Design, Setting, and Participants
This decision analytical model, performed from September 25 to October 20, 2019, used published sources to estimate the US population of patients with HFrEF eligible for SGLT2-i therapy and the numbers needed to treat to prevent or postpone overt death. Sensitivity analyses were performed to account for the range of potential benefits.

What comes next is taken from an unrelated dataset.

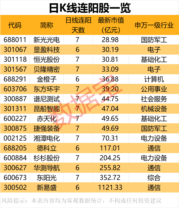 台基股份实控人变更为湖北国资委 6月19日晚间,台基股份(300046)公告,公司实际控制人邢雁及其他29名自然人向长江产业投资集团有限公司(以下简称“长江产业集团”)转让襄阳新仪元半导体有限责任公司(以下简称“新仪元”)576.75万股股权(占新仪元股权比例为32.03%),并将其持有剩余新仪元1148.5万股股权(占新仪元股权比例为63.79%)对应的表决权在表决权委托期限内独家、无偿、不可撤销地委托给长江产业集团行使,同时将其持有的剩余新仪元1148.5万股股权(占新仪元股权比例为63.79%)质押给长江产业集团。 本次权益变动完成后,长江产业集团成为新仪元的控股股东,从而取得公司控制权,成为公司间接控股股东。新仪元持有的公司股份数量不变,公司控股股东仍为新仪元。公司实际控制人由邢雁变更为湖北省国资委。公司股票自2025年6月20日开市起复牌。 长江产业集团是湖北省第二批新组建的省属国企,于2022年成立。集团注册资本336亿元,资产总额2509亿元,旗下认缴基金规模超7000亿元,拥有实控二级子公司25家,其中,控股广济药业、万润科技、双环科技、奥特佳、凯龙股份5家上市公司,战略性投资长江存储、大冶有色、长江证券等重要企业。 台基股份主营功率半导体器件,拥有完整的大功率半导体器件生产线,产能规模强大,是国内大功率半导体器件主要提供者之一。产品广泛应用于工业变频器、电机驱动、高功率电源、数字能源、智能电网、轨道交通、新能源等电气系统和工控设备领域。 ![]() 16股日K线连阳 昨日(6月19日),上证指数走出实体阴线,在市场整体回落的背景下,一些个股却逆势走出K线连阳的态势,展现出较强的抗跌性。如CPO概念龙头新易盛,昨日股价盘中创历史新高,日K线已连续6连阳,最新收盘价较4月低点的涨幅已超140%。 ![]() 业内人士称,连阳股反映出多头资金持续介入、股价重心上移的积极信号,在市场分化时,这类股票易成资金聚焦的结构性机会标的。 据证券时报数据宝统计,截至昨日收盘,剔除ST股和北交所个股后,有16股日K线连阳天数在6天及以上。 从市值分布来看,新光光电、显盈科技、恒光股份等11股最新市值低于100亿元,其中东方环宇最新滚动市盈率不足20倍。 东方环宇主营业务包括供热、天然气销售、天然气设施设备安装等,一季度实现归母净利润约8122万元,同比增长11.69%。 有分析人士指出,公司近日股价表现强势,或与原油期货价格大涨相关,这一趋势可能推动天然气价格上行,进而对其盈利能力起到提升作用。 值得关注的是,东方环宇近三年年度现金分红比例均超85%,一季度末获公募基金和保险机构持股数量占其流通股的比例分别达2.26%和3.67%。 ![]() 通信行业个股相对较多 从上述16股的申万一级行业分布来看,通信行业个股相对较多。 长江证券表示,AI与算力主线景气延续,持续驱动数据中通信需求上行,当前板块估值仍处低位,具备较高配置性价比。 华泰证券表示,近期海外AI建设正加速推进,训推逻辑均有得到验证,建议关注海外配套产业链机遇,板块包括光模块、铜连接、AIDC等。 具体来看,德科立、华测导航、新易盛3只通信行业个股日K线6连阳。其中,华测导航、新易盛均获15家以上机构积极型评级(含“买入”和“增持”评级)。 华测导航聚焦于高精度导航定位相关的核心技术及其产品与解决方案的研发、制造、集成和产业化应用,获18家机构积极型评级,机构一致预测今年营收增长率达27.99%,一季度末获公募基金和保险机构持股数量占其流通股的比例分别达6.26%和2.77%。公司近年股价表现亮眼,年K线已三连阳。 中信建投证券指出,华测导航积极寻求海外业务发展机会,在海外建立了强大的经销商网络,海外市场空间广阔且公司具备明显优势,公司海外业务有望持续快速增长。 ![]() 据数据宝统计,截至6月19日,在上述16股中,新易盛、金橙子、德科立年内均获龙虎榜机构席位净买入超8000万元。 新易盛年内获龙虎榜机构席位净买入金额达1.56亿元,居首。公司获22家机构积极看好,一致预测其2025年营收增长率达102.22%。值得关注的是,新易盛2024年也获龙虎榜机构席位净买入999.53万元。 金橙子年内获龙虎榜机构席位净买入金额达1.05亿元,居次席,年内股价大涨87.38%。公司主要产品包括激光加工控制系统、激光系统集成硬件、激光精密加工设备等,一季度末获QFII新进持股数量占流通股的比例达2.72%。 ![]() (文章来源:证券时报网) |

Main Outcomes and Measures
All-cause mortality.
Results
Of the 3.1 million patients with HFrEF in the United States, 2 132 800 (69%) were projected to be candidates for SGLT2-i therapy. Optimal implementation of SGLT2-i therapy was empirically estimated to prevent up to 34 125 deaths per year (range 21 840-49 140 deaths per year). A secondary analysis excluding patients on the basis of N-terminal–pro brain natriuretic peptide levels and other trial entry criteria would yield a potential benefit of 25 594 deaths per year prevented (range, 16 380-36 855 deaths per year prevented).
Conclusions and Relevance
This study suggests that a substantial number of deaths in the United States could be prevented by optimal implementation of SGLT2-i therapy. These data support implementation of the current evidence into practice in a timely manner to achieve important public health benefits and to reduce the mortality burden of HFrEF.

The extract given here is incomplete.